* _EXERCISE BRIEF_: Retype every line from the start of the entries below down to the line with "प्रोति किसकू, पति", both ends included; skip the pictures.

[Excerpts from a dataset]
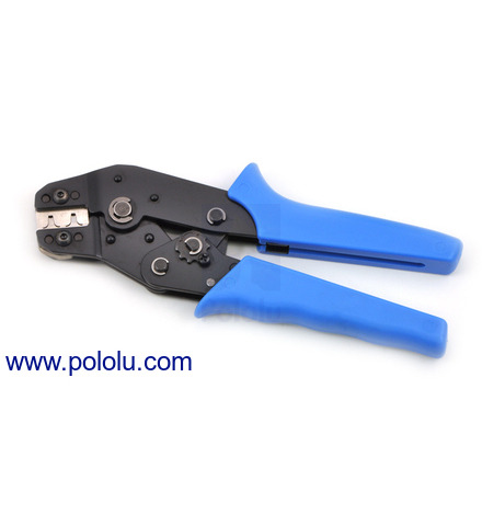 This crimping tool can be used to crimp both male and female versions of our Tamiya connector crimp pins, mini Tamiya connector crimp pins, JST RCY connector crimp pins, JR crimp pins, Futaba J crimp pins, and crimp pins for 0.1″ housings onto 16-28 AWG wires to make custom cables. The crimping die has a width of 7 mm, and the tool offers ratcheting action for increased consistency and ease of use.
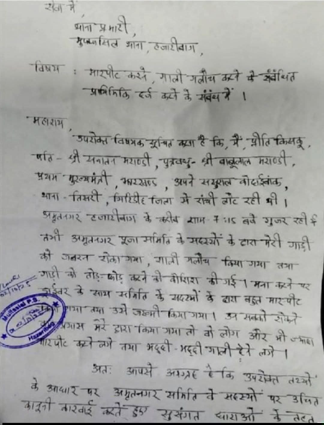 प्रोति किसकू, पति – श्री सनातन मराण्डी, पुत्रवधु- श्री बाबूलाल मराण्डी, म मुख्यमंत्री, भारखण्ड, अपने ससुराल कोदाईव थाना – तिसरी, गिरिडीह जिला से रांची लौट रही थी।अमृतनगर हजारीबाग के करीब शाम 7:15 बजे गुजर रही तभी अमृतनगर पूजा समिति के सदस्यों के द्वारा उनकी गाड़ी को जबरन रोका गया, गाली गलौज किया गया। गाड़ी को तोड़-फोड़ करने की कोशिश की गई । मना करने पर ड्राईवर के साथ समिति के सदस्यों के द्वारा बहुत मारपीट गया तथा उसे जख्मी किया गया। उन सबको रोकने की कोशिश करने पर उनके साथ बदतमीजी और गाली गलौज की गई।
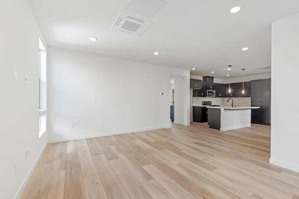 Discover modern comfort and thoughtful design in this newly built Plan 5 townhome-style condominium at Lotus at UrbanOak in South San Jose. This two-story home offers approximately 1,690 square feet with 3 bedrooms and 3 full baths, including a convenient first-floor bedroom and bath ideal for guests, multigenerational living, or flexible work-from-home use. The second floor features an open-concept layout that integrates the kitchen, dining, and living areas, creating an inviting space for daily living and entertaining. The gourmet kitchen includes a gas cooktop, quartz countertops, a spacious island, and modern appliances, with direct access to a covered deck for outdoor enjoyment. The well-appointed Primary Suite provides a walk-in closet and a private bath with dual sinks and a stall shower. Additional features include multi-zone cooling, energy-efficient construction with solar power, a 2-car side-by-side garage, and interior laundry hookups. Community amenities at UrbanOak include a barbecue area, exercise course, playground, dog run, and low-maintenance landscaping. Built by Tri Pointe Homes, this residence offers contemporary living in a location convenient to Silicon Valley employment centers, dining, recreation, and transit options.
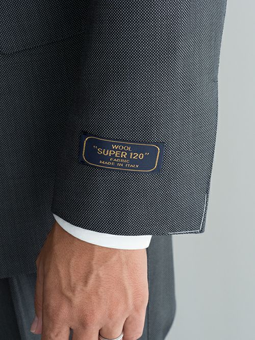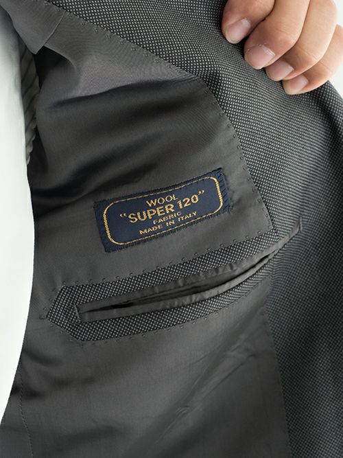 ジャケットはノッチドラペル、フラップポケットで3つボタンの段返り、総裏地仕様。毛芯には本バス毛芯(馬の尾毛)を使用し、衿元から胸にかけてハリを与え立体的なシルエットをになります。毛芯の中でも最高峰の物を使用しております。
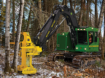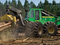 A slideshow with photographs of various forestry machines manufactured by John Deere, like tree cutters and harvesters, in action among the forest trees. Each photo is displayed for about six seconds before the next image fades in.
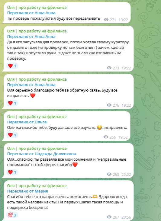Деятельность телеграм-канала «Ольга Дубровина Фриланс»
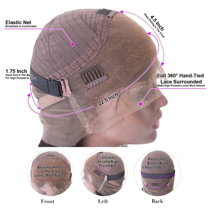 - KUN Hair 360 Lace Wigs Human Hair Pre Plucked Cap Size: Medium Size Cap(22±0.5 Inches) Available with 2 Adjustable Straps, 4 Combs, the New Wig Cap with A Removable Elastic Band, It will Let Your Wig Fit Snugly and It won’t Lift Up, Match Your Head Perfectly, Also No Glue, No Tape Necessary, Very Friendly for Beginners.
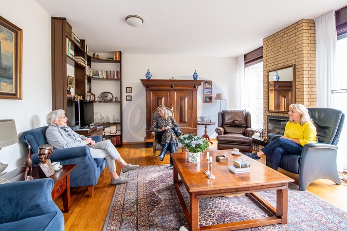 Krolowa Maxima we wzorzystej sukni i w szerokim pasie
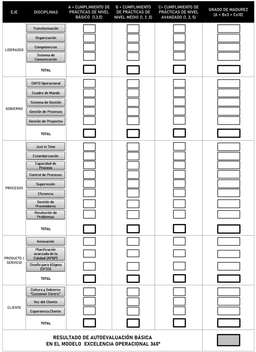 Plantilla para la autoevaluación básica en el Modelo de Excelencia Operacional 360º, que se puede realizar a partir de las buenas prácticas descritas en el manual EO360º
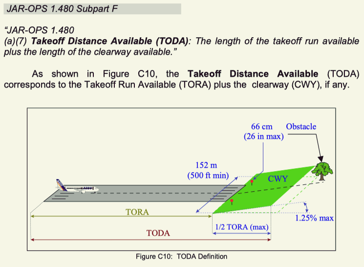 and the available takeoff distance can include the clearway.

* _TASK RESPONSE_:
 This crimping tool can be used to crimp both male and female versions of our Tamiya connector crimp pins, mini Tamiya connector crimp pins, JST RCY connector crimp pins, JR crimp pins, Futaba J crimp pins, and crimp pins for 0.1″ housings onto 16-28 AWG wires to make custom cables. The crimping die has a width of 7 mm, and the tool offers ratcheting action for increased consistency and ease of use.
 प्रोति किसकू, पति – श्री सनातन मराण्डी, पुत्रवधु- श्री बाबूलाल मराण्डी, म मुख्यमंत्री, भारखण्ड, अपने ससुराल कोदाईव थाना – तिसरी, गिरिडीह जिला से रांची लौट रही थी।अमृतनगर हजारीबाग के करीब शाम 7:15 बजे गुजर रही तभी अमृतनगर पूजा समिति के सदस्यों के द्वारा उनकी गाड़ी को जबरन रोका गया, गाली गलौज किया गया। गाड़ी को तोड़-फोड़ करने की कोशिश की गई । मना करने पर ड्राईवर के साथ समिति के सदस्यों के द्वारा बहुत मारपीट गया तथा उसे जख्मी किया गया। उन सबको रोकने की कोशिश करने पर उनके साथ बदतमीजी और गाली गलौज की गई।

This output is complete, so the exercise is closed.